Canada’s First Site-Blocking Order Upheld by FCA
June 2021 Charity & NFP Law Update
Published on June 24, 2021

By Sepal Bonni

   
 

In a May 26, 2021 judgment in Teksavvy Solutions Inc. v Bell Media Inc. (“Teksavvy”), the Federal Court of Appeal (“FCA”) upheld the Federal Court’s decision in a copyright infringement action granting a site-blocking order requiring third party Internet Service Providers (“ISPs”) to block access to certain websites operated by anonymous defendants that distribute infringing television and motion picture content. The order is unprecedented, as it is the first time a site-blocking order has been issued by the Federal Court, and therefore offers a new remedy for copyright holders to prevent access to infringing content. It is also noteworthy because the ISPs it applies to are not the defendants, but otherwise innocent third parties; the actual defendants in the underlying legal action are unidentified persons operating unauthorized internet subscription services.

Seeking the order was Bell Media Inc., Groupe TVA Inc. and Rogers Media Inc.
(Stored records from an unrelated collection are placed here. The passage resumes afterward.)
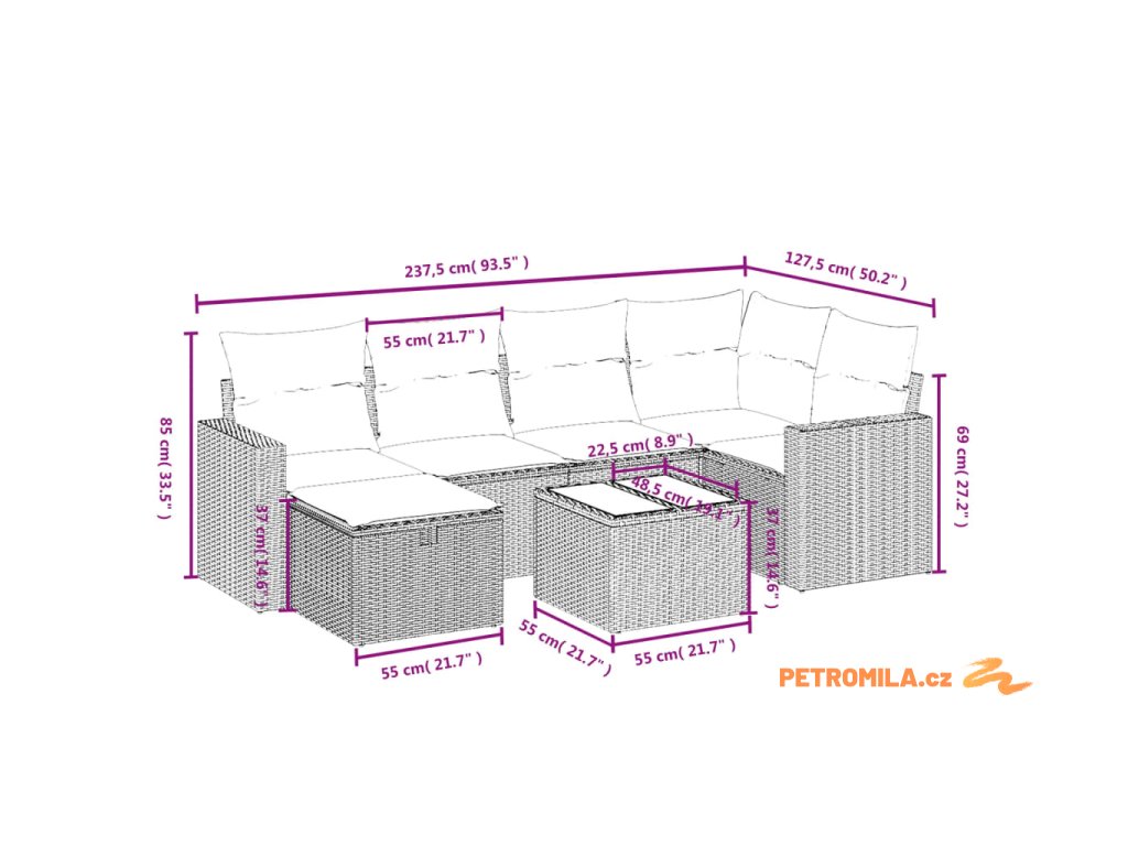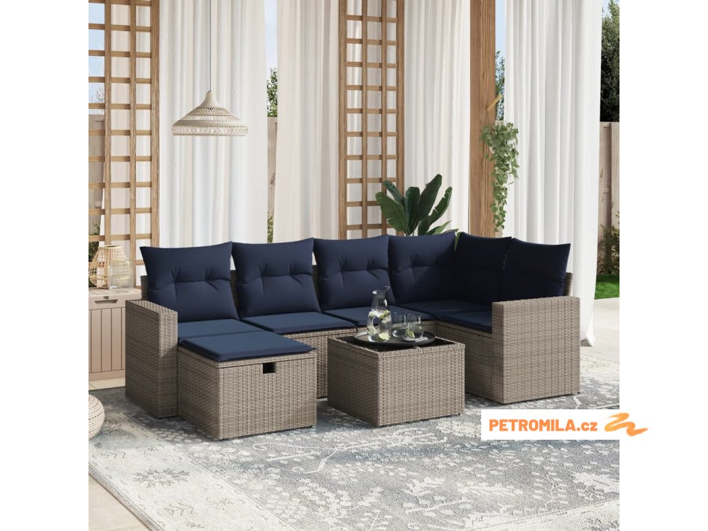 7dílná zahradní sedací souprava s poduškami šedá polyratan
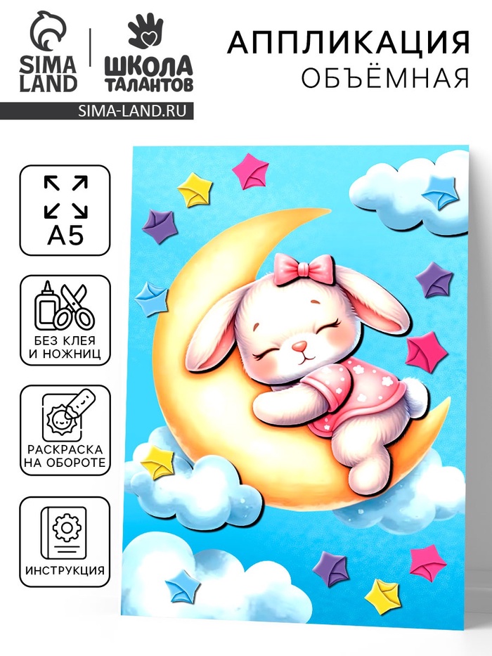 Аппликация объемная со звездочками оригами «Зайка на облаке», набор для творчества
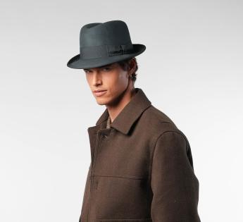 Een hoed met karakter, de homburg onderscheidt zich door zijn tijdloze elegantie en iconische silhouet.
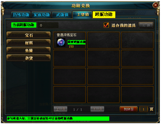 i. 跨服功勋与工资、武勋、家族功勋等一样可以用来兑换道具。

For further discussion on the facts of the underlying legal dispute in the Federal Court decision, Bell Media Inc v GoldTV.Biz, see the January 2020 Charity & NFP Law Update. Although unopposed by most ISPs, one ISP (Teksavvy) opposed the order and brought the appeal.

The FCA considered the three main issues: (a) Whether the Federal Court had the power to grant a site-blocking order; (b) If so, the relevance of freedom of expression; and (c) Whether the order was just and equitable. In its analysis, the FCA found that site-blocking orders are within the power and jurisdiction of the Federal Court as a remedy for infringing intellectual property rights. With respect to the freedom of expression claim, the FCA accepted that customers’ freedom of expression rights might be implicated by the order; however, it found the Federal Court’s analysis adequate, and concluded that “[i]n considering the issue of freedom of expression in the context of a particular equitable remedy, it was not necessary for the Judge to engage in a detailed Charter rights analysis separate and distinct from the balance of convenience analysis that is already to be considered”. To determine if the order was just and equitable, the proper test to be applied is the RJR MacDonald test for a mandatory injunction: 1. a strong prima facie case must be shown; 2. Irreparable Harm; and 3. Balance of convenience. The Court of Appeal agreed with the motion judge that all three elements of the test were met in this case.